# NYW plans?



## mschuman (Sep 22, 2008)

Can anyone compare/contrast any New Yankee Workshop plans with plans for similar items they've built. Better? worse? more detailed? They seem expensive for no more guidance than you get, but I'm a newbie.


----------



## olddutchman (Jul 4, 2008)

I haven't tried them, but i would think they'd be good or better, and don't you get the VHS too?


----------



## rcp612 (Mar 25, 2008)

I've got the Barrister bookcase plan/vhs and am NOT pleased with it.
It is very detailed but, Nahm decided that many of the pieces needed to be a strange thickness making resawing capability neccessary, or planing a lot of good wood away.
Also, his bookcase was redesigned to be 1 solid unit, not the stackable version he did on the show. :furious: That's not what I wanted. 
And I bought the plan on a clearence sale so, no returns either.


----------



## red (Sep 30, 2008)

I never bought the plans but I did purchase some of his books. They were very detailed and really explained how to do a project.

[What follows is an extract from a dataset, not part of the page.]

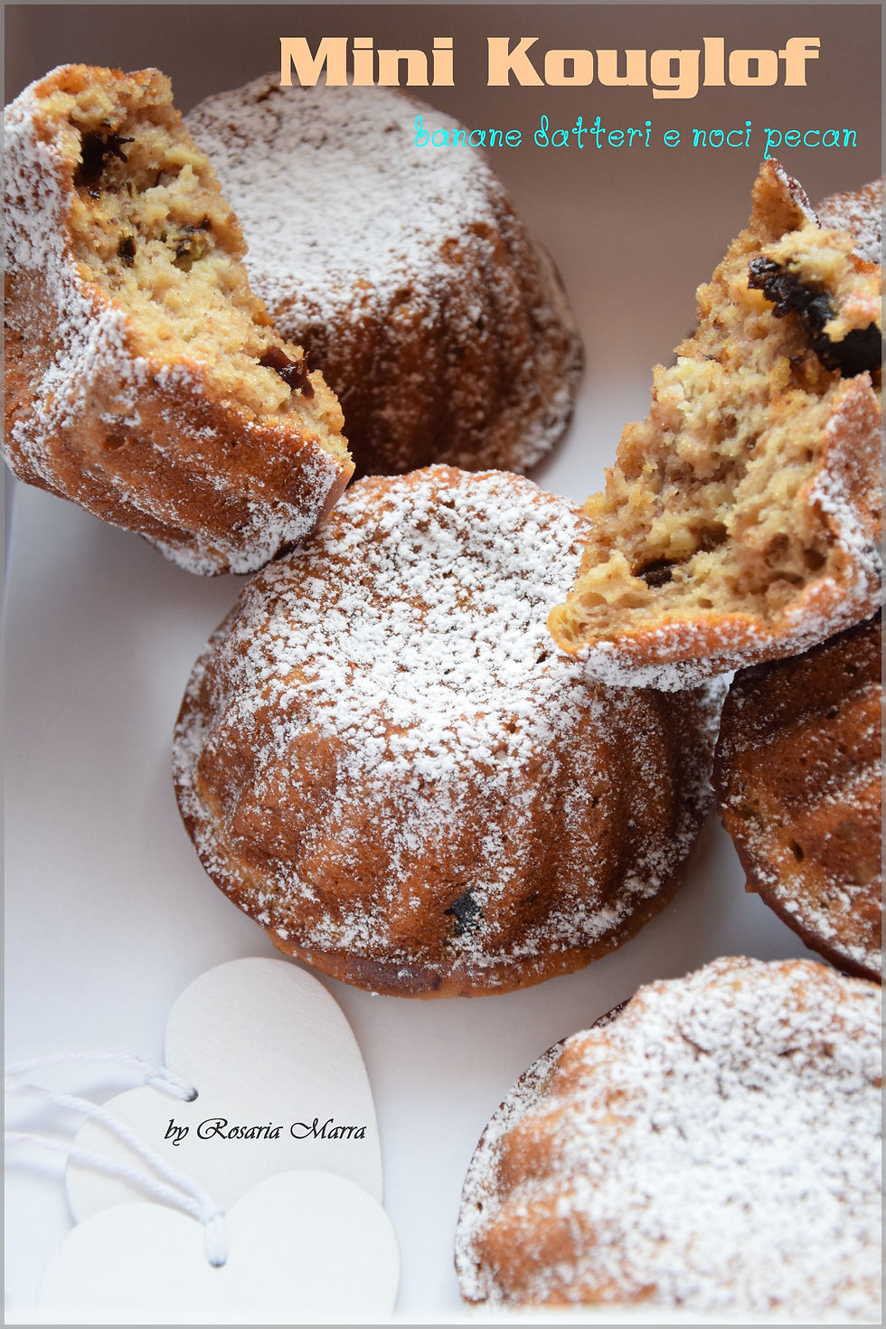 Ma mo’ questo cosa c’entrava? Beh, la mente mi ha portata indietro nel tempo e ai ricordi di famiglia. il Kouglof è una specialità alsaziana, ma anche tedesca, austriaca e ceca, ed è, una sorta di panettone di natale, viene arricchito a seconda della città di appartenenza da diversi ingredienti. In realtà io non ho fatto il vero kouglof, ho usato il suo stampo per rendere più golose queste tortine alle banane, datteri e noci pecan. Se non amate le banane non saprei come suggerirvi una variazione, questa è una ricetta portata dalle mie ragazze dal Belgio qualche tempo fa, e mi piaceva l’idea di abbinare queste tortine negli stampini dei kouglof, sono molto ma molto buone, non so perché ho aspettato tanto tempo per farle, vabbè adesso eccole qua e fatele anche voi, non servirebbe descrivervi la bontà, non vi rendereste conto, c’è solo una soluzione…fateli e mi direte. Anzi taggatemi sul mio profilo fb e le commenteremo insieme, mi farebbe molto piacere. Buona preparazione by Rosaria Marra.

Red

PS: I also met him twice and what a great guy he is.


----------



## smitty1967 (Feb 24, 2008)

I sent for the cherry plywood entertainment center, which I deemed quite similar to the armoire I was planning to build. 

sheeesh. what a waste of time, energy, anticipation, money and stamps! This whole NYW thing is a rook job, if you ask me. From what I've seen, I'd put a buncha you guys, myself included, up against that big slob from New England any day of the week and twice on Sunday! 

Here's the thing....I spent something like $14.00 for what was described as a 'measured materials list and drawing.' Sound familiar? You know what I got? Same thing some of you have? An 11"x14" piece of folded paper with an exploded view of the project. 

Today, I could build something like that without thinking too awful much on the topic. Back then, as a rookie, I was in dire need of direction and thought I'd get it from an acknowledged professional. 

pfft. what a lesson that was. Never again.

smitty


----------



## GeorgeC (Jul 30, 2008)

I have purchased a couple of the plans. Liked them very much. They are very detailed and easy to follow. The one I liked most was a jewelry box with a hidden compartment. I actually would up making three of those in cherry, walnut and one in figured maple, worm holes and all.

Maybe the plans are a bit expensive, but in my opinion worth it. The VHS tape is also good.

I really like the New Yankee Workshop (NYW) show very much. I learn some things but much of what he does is with tools that I do not have. Just enjoy the show.

George


----------



## mschuman (Sep 22, 2008)

*Expectations*

got me into trouble. I thought a NYW plan would be great for a first project. I bought several plans on the VHS closeout going on right now and a couple DVD plans at full price. I think you could get as much out of DVR'ing the show, and making up your own drawing while watching it.


----------